Затем я умываюсь, чищу зубы и расчесываюсь. У нас в камере есть маленькое зеркало. В психиатрической больнице, где я была в июне на экспертизе, например, зеркал не было. Я не большой фанат смотреться в зеркало, но после месяца отсутствия этого бытового предмета просто ценю эту возможность. За несколько месяцев в заключении у меня появилось много седых волос — чувствую себя Руж из «Людей Икс». Я разглядываю в зеркало свои седые волосы и ценю каждый из них, но, признаться, немного волнуюсь, что могу не понравиться Соне, когда выйду.

Потом в коридоре кричат: «Девчули, завтрак!» Нам открывают «кормушку» — прямоугольное окно в двери камеры размером приблизительно с лист А5 — и мы должны как можно скорее поставить туда две тарелки и два пластмассовых ведра: одно под чай, другое под молоко.

Моя соседка просыпается к завтраку, и первое, что она делает, — включает телевизор примерно с таким выражением на лице: «Телевизор, родненький!» У меня в тюрьме много занятий, а вот у остальных заключенных их фактически нет, поэтому телевизионная зависимость — явление здесь достаточно распространенное. Раньше я была очень счастлива, что в моей камере не работает телевизор, так как к нему нет антенны. Но у моей новой соседки инженерный ум, она быстро придумала, как сделать антенну из старого провода для радио, и телевизор, к моему великому ужасу, начал показывать. Хорошо, что он показывает всего четыре канала: канал «Дисней», канал «Ю», канал «Суббота» и канал «78». Так что завтрак проходит под мультик «Чип и Дейл» или под украинское шоу «Хата на тата» (удивительно, что его вообще транслируют в наше время).
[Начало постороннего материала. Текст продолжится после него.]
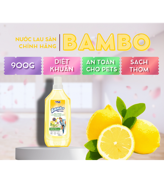 - Nước lau sàn Bambo có khả năng lau chùi mọi vết bẩn cứng đầu bám trên sàn nhà, trả lại cho bạn một không gian tươi mát và thơm ngát.

Потом я или Оля убираем камеру — моем пол и санузел. У нас в камере нет графика дежурств или принуждения в этом плане: убираемся, когда на это есть силы и возможность. После этого моя соседка выключает телевизор, и я начинаю отвечать на письма, рисовать, писать заявления или открытые обращения. У меня уходит по две-три гелевые ручки в день (шариковые не использую, так как нагрузка на пальцы от них больше). Иногда я надеваю специальный напульсник, чтобы рука не уставала очень сильно. Время, когда в камере не работает телевизор — мое самое любимое. Мой идеал — ноль телевизора в день, но для моей соседки идеально, чтобы телевизор работал всегда, даже когда она его не смотрит (и засыпать ей предпочтительней под телевизор). Ей приятно смотреть даже повторы шоу, которые уже показывали несколько раз! Поэтому приходится договариваться и приходить к компромиссу. Так что полдня моя соседка скучает без телевизора, а я полдня страдаю с телевизором, но на минимальной громкости.

Близится время проверки, и мы с соседкой убираем все вещи со всех поверхностей, снимаем одежду со спинок кроватей, если она там сушится, а также выставляем на стол посуду (которая выдана нам СИЗО). Раньше, когда я жила в других камерах с большим количеством человек, мне внушали, что к проверке нужно делать неизмеримо больше — например вынимать все бумаги и книги из стола (в столе есть специальные отделения, чтобы их хранить, и якобы к проверке они должны быть пустыми), или поправлять баулы (так называются сумки под кроватями, где хранятся вещи), или разглаживать простыню на кровати до уровня обсессивно-компульсивного расстройства… Но оказалось, что все это никого особо не волнует.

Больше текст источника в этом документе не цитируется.